The right’s attacks on trans youth have also seized upon this history of moral panic in the name of “The Child.” The idea plays out clearly in bills’ names — see Alabama’s Vulnerable Child Compassion and Protection Act or Missouri’s Save Adolescents From Experimentation Act.
On May 13, the Texas Supreme Court ruled that parents of transgender children could be investigated for child abuse. Activists have expressed concern that child abuse allegations will raise the potential for trans youth to be removed from their homes and placed in the foster care system.
The moral panic over gender-affirming health care and abortion is an attempt by the state to dictate a vision of what America’s families can and should look like.
“That state power is really awful and cruel and abusive when directed at trans youth,” said Gill-Peterson. “But it already exists and is regularly directed at Black and Latino and disabled families all the time.”

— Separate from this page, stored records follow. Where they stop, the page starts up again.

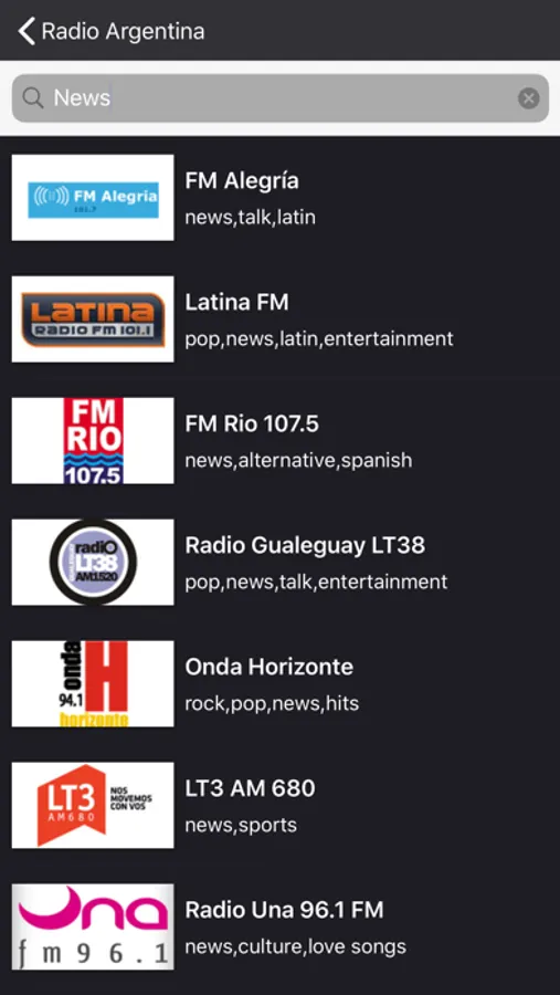 Our radio application allows you to listen live to all FM AM radio broadcasts and internet radio from Argentina. Choose what you want to listen to: news, sports, music and more!
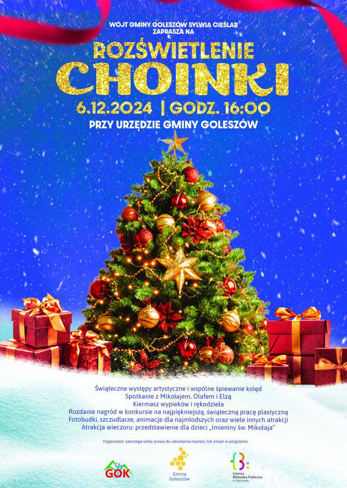 Wójt Gminy Goleszów Sylwia Cieślar, Gmina Goleszów, Gminny Ośrodek Kultury w Goleszowie oraz Gminna Biblioteka Publiczna w Goleszowie zapraszają na tradycyjne rozświetlenie choinki oraz wspólne obchody imienin św. Mikołaja!
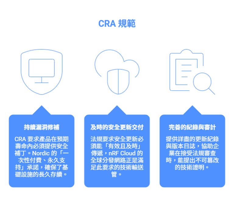 - 及時的安全更新交付: 法規要求安全更新必須能「有效且及時」傳遞,nRF Cloud 的全球分發網路正是滿足此要求的技術輸送管。
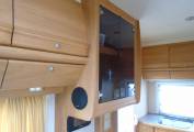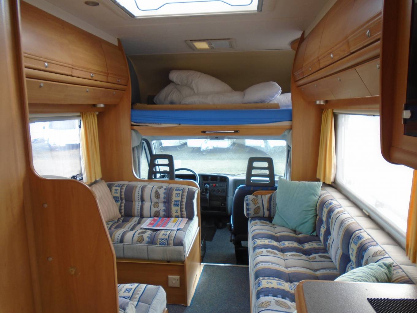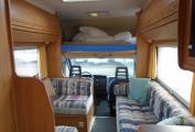 There is an above cab double bed with the seats making up into two single beds, large dining area and lovely shower /toilet cubicle.
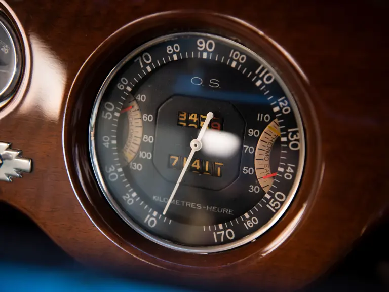 Since restoration, the car’s presentation has mellowed significantly, with minor areas of lifting and checking visible throughout the paintwork, and some age and discoloration to the cream leather interior. It boasts many desirable touches, however, such as the rear-mounted spare and a crank-operated sliding sunroof, and its styling and triple carburetors are sure to win it new fans in the years to come.
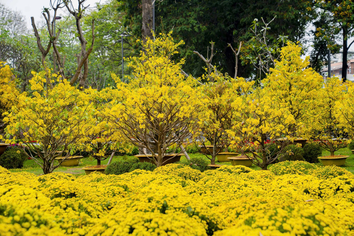 Trên toàn bộ 4,3 ha công viên là các vườn hoa, tiểu cảnh mang đậm bản sắc Tết.
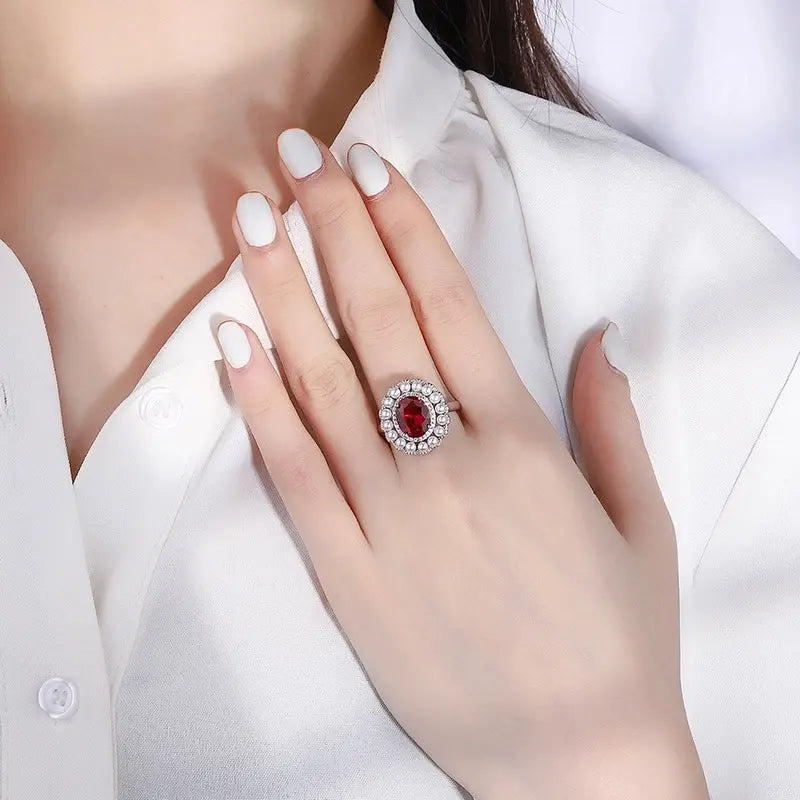Luxurious classic: 8*10mm oval pearl halo S925 silver high carbon diamond ruby aquamarine commitment engagement diamond ring
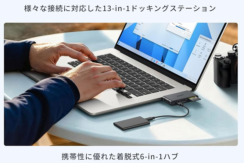 Ankerの2025年新モデルで、13ポートを搭載した高機能ドッキングステーションです。USB-Cケーブルが着脱式になっているため、断線しても交換できるのが地味にうれしいポイントです。
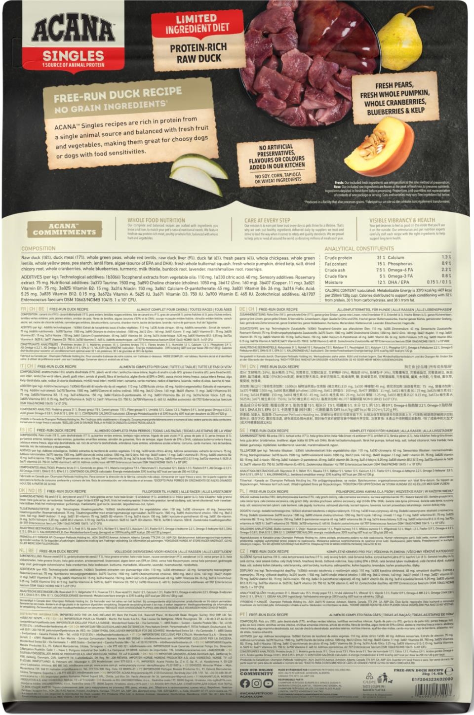 • LAKTATION: fodre 'fri valg'. ACANA™ FREE RUN DUCK er formuleret til at opfylde de ernæringsmæssige niveauer, der er fastsat af FEDIAF for alle livsstadier, undtagen for vækst af store hunde (32 kg eller mere som voksen). Ikke egnet til menneskelig konsum. *
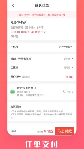 一旦购买电影票后,系统不支持退票,请在购票前仔细确认选择的影片和座位。
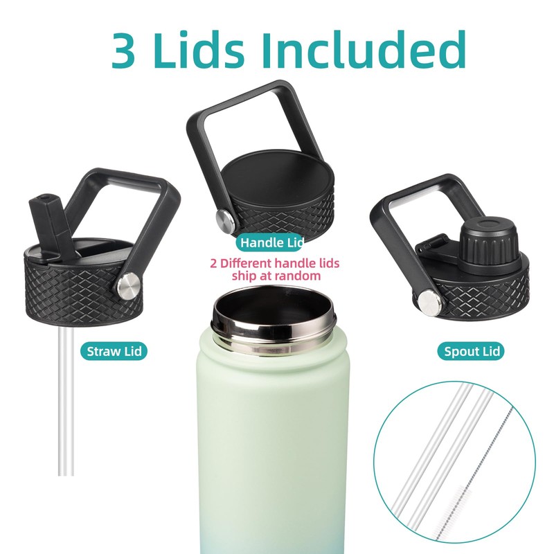 - The water bottle comes with 3 lids for different beverages, a sip lid for hot drinks, a straw lid for iced beverages, a flex-removable lid(2 different handle lids ship at random) for smoothies or fruit drinks. All lids are BPA-free, leak-proof, and dust-proof, catering to your needs
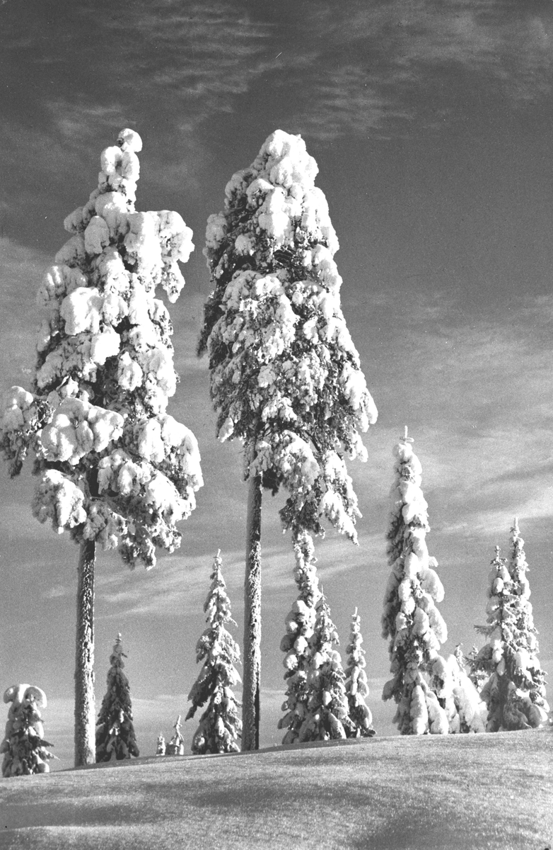 Tallar och granar, vintertid. Korsnäs AB. Kopia. Den 15 September 1958
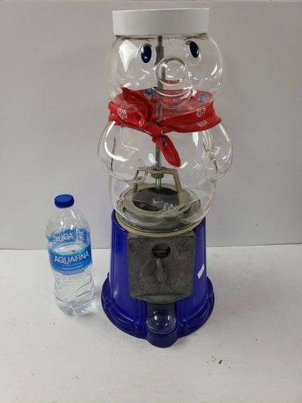 Bear-shaped candy or gumball dispenser featuring a clear body, blue base, and a red bandana. The base is metal and has a dispensing slot. The top lid is removable for refilling.

Just as pro-natal regimes enforced patriarchal family units, the moral panic over gender-affirming health care and abortion is an attempt by the state to dictate a vision of what America’s families can and should look like, and to control their fundamental construction via forced birth and forced adoption. Trans people have become the Republican Party’s new favorite scapegoat because they don’t fit into this conservative structure.
This nexus of converging birthrate panic, “great replacement” rhetoric, and expanded government authority over bodily autonomy presents a sinister omen for America’s future. While the majority of Americans who oppose abortion and trans rights may not be actively thinking in terms of population goals, the pro-natalism of the anti-trans and anti-abortion movements inherits from these complicated histories of state power and reproductive intervention.
In order to fully grapple with the ramifications of the impending Roe v. Wade reversal, it is critical that the left understands these interconnected movements and their relationship to a burgeoning nationalist authoritarianism.